Improving the experience to find a mentor
The audit revealed that the primary mentor area where students find mentors, needed improvement to increase support, chat, and engagement. To address this, I designed several screens showing how searching and matching could be enhanced. This wasn't implemented during my time as it was intended for next phases, but it hopefully provided some solid ground for feature inclusions that could be prioritized.

Creating a purposeful dashboard that encourages engagement
The dashboard hadn't been a past priority and it wasn't one of our primary drivers as it saw little engagement, but as everybody consistently landed here we wanted to rethink how we could use this to drive engagement. It had lots of the core components but it wasn't clear what you should do nor what value it was giving you. Could we give the dashboard a purpose?
If our North Star is to reduce dropout rates we need to pick up on earlier signals. How can we help program admins do that?
I developed several support features, including a wellbeing tracker for early intervention, event recommendations, and nudged mentor reach-outs (with mentors not having access to tracker data for privacy). I also highlighted resources based on personal situations and tracker responses. Additionally, I created a customizable announcement feature for program admins, and streamlined sessions and events to make upcoming ones easier to find.
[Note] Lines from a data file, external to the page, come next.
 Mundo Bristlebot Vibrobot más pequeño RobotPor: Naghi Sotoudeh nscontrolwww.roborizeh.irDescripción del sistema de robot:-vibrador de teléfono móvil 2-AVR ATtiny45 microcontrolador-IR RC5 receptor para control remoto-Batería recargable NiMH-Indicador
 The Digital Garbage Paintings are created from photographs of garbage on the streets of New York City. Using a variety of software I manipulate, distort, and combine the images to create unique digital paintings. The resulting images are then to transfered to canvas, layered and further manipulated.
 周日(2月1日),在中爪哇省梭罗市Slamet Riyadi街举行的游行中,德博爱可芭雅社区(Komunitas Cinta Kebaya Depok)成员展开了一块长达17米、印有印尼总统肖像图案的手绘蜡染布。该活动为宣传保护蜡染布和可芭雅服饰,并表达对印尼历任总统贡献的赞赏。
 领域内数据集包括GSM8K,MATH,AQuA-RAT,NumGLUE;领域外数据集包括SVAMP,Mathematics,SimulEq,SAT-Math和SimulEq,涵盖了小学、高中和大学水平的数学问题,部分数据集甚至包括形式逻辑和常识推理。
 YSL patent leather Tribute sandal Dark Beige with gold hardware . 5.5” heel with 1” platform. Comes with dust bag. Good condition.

A profile update nudge in the desktop sidebar was added to encourage mentors to keep their profiles current for better matches.



Accessible product palette, inclusive branding and progressive enhancement
As I was designing out new screens beyond the initial implementation, I was able to add in a refreshed color palette to create a more appealing application and ensure this met all the accessibility requirements. I worked with the UI designer to find the right palette we needed between the current application which was using the ion system, and where we were heading.




Creating a student learning system from scratch
Next, the Product Director and founders were working on a 360-degree student learning system for the platform’s next version. I reviewed their research, current insights, and program administrator needs, then created initial designs to support investment, testing, and feedback. This work would help significantly in early interventions and proactive actions in supporting students and reducing dropout rates.




Embedding AI for data mining and personalization
The engineering team identified four primary AI use cases within the app, targeting program administrators. While much of the data already existed, growing AI interest allowed us to leverage this data more meaningfully and add AI-driven personalized actions and outputs. I designed all the actions for product review, while the marketing and partners team used the assets as the work progressed to support conversations.






Selling the AI suite of tools
To support sales and test inbound leads, the business needed a landing page. With limited time, I built a Webflow landing page using reusable components, added some visual effects, and created a video to boost appeal.

Tying it altogether with a website update
Lastly, with the brand ramping up pitching, we aimed to improve the external partner-facing site and boost inbound interest. We chose a Webflow template, and I set up all the brand variables as the theme didn’t include them. I created layouts, refined brand typography, and designed templates in Figma and Canva to support the team in keeping everything polished, allowing marketing and partners to focus on their core work. A great development team brought it all to life and voila! Vygo had such a lovely group of people to work with, I'm lucky to have played a small slice in the journey.